The length of the sequences in the alignment, including gaps/dashes, is given in the Consensus line below the aligned sequences.
The number of identical residues, and percentage of identical residues, relative to the first ("Reference") sequence. For the percentage, the denominator is the length of the sequence, regardless of whether the reference sequence is shorter.
Counts and percentages of various residues and groups of residues. More amino acids or groups can be added on request (emartz@microbio.umass.edu).
Net charge near neutral pH.
Number of gaps (groups of one or more consecutive dashes), dashes ("gapped" positions), and dashes as percentage of the length (denominator includes dashes).

Errors Detected and Reported

The following conditions are detected and reported. Each of these can be demonstrated with one of the Demo tests provided.

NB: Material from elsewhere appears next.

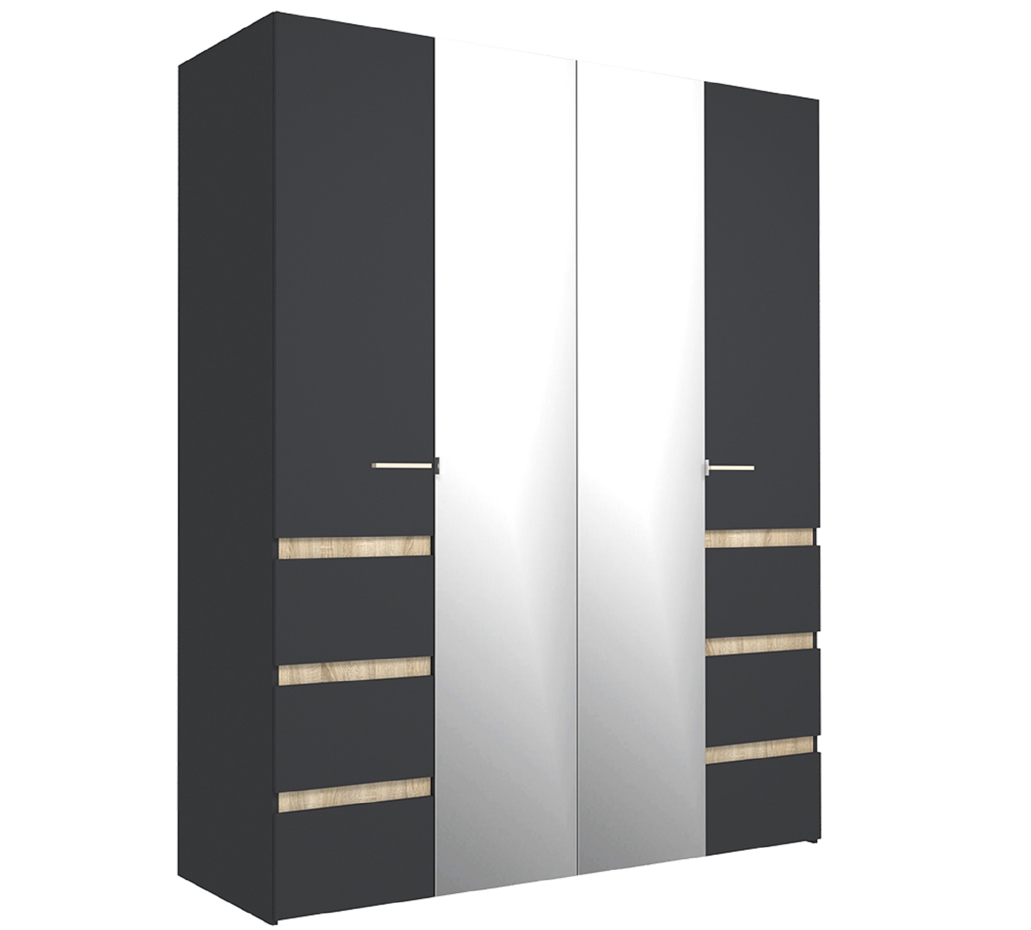 Шкаф распашной четырёхдневный с декоративными вставками дуб сонома. Особенно эффектно смотрится двери с зеркалами в сочетании с цветом антрацит. За фасадами вы найдете отсек с хромированной штангой и антресолью и секцию с полками.
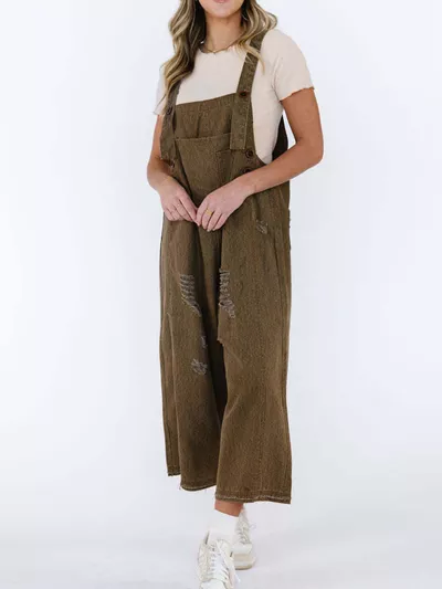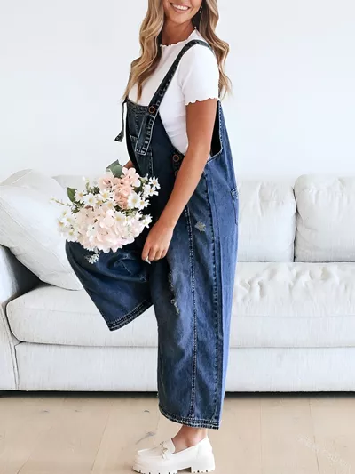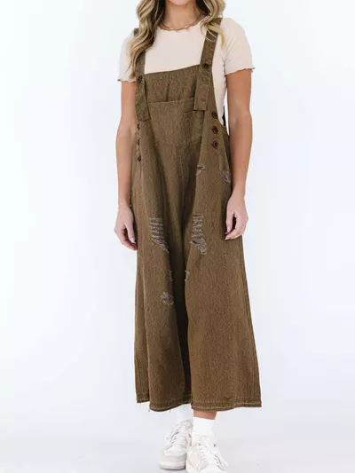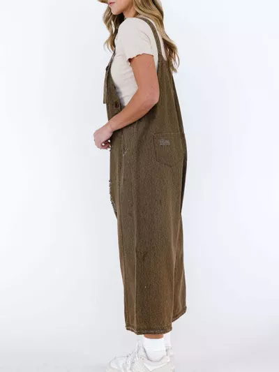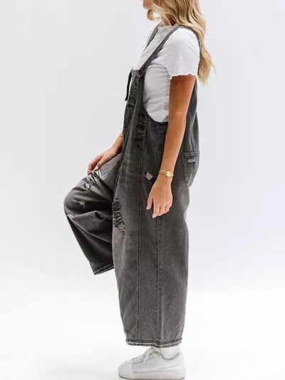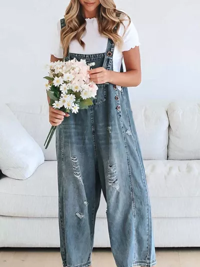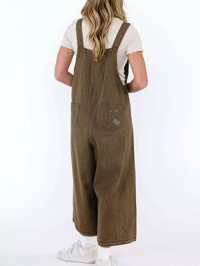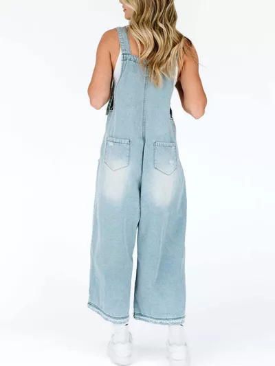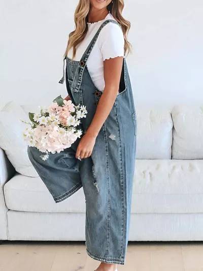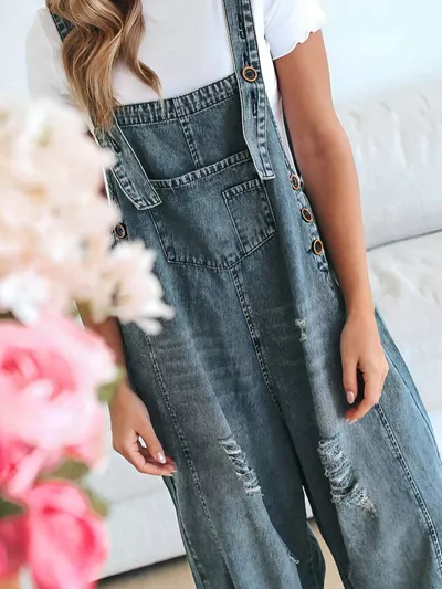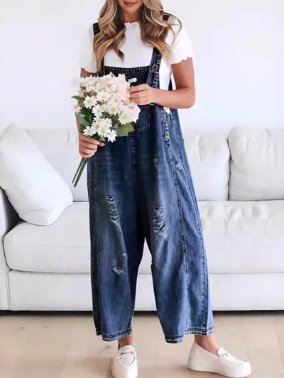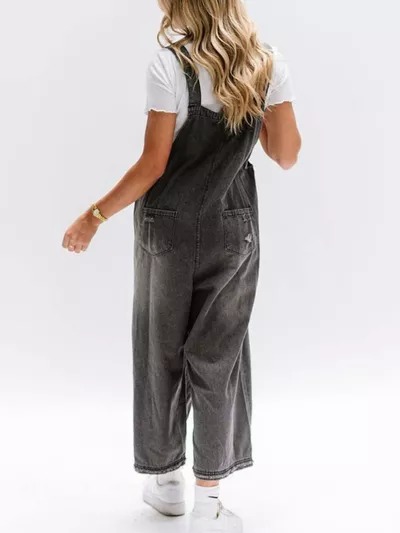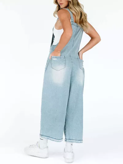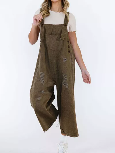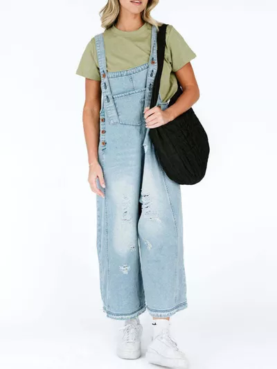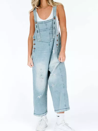 Leopard Print Button Adjustable Straps Cropped Loose Denim Overalls

No header. Demo: Header Missing.
Illegal characters not representing amino acids. Demo: Illegal Characters.
Nucleic acid sequence instead of protein sequence. Demo: DNA/RNA.
Legal but ambiguous amino acid characters BJOUXZ. Demo: 1: With Gaps, Ambiguous AA.
A single sequence containing gaps (dashes), hence not an alignment. Demo: 1: With Gaps, Ambiguous AA.
Alignment having sequences of different lengths. Demo: Mismatched Lengths.
Header containing more than one distinct 6- or 10-character UniProt Accesion Numbers. Demo: Multiple accession numbers.

3D Structures (PDB Codes)

When a sequence has an empirical 3D structure in the Protein Data Bank, you may add "PDB=xxxx" to the header, where xxxx is the PDB accession code. Such PDB codes will appear in a "3D" column in the Statistics table, linked to display the corresponding structures in FirstGlance in Jmol. The addition must be before >> or >>>. Example: Demo "9: Pilins".

>>> & >>: Descriptions

Group Descriptions: If you add, for example, ">>> Aligned by MAFFT" to the end of a header, this will be displayed above the table of sequences, with a light green background. Such a group description would normally be added to only one header in a group of sequences. If several headers contain ">>>", the descriptions will be concatenated. Example: Gal4 Demo.

Sequence Descriptions: If you add, for example, ">> Mutant Y57W" to the end of a header, when you touch the Taxon in this row with the mouse, this sequence descripton will be shown above the table of sequences, with a pink background. Example: Gal4 Demo.

">>>" and ">>" can be in either order, but both must be at the end of the header.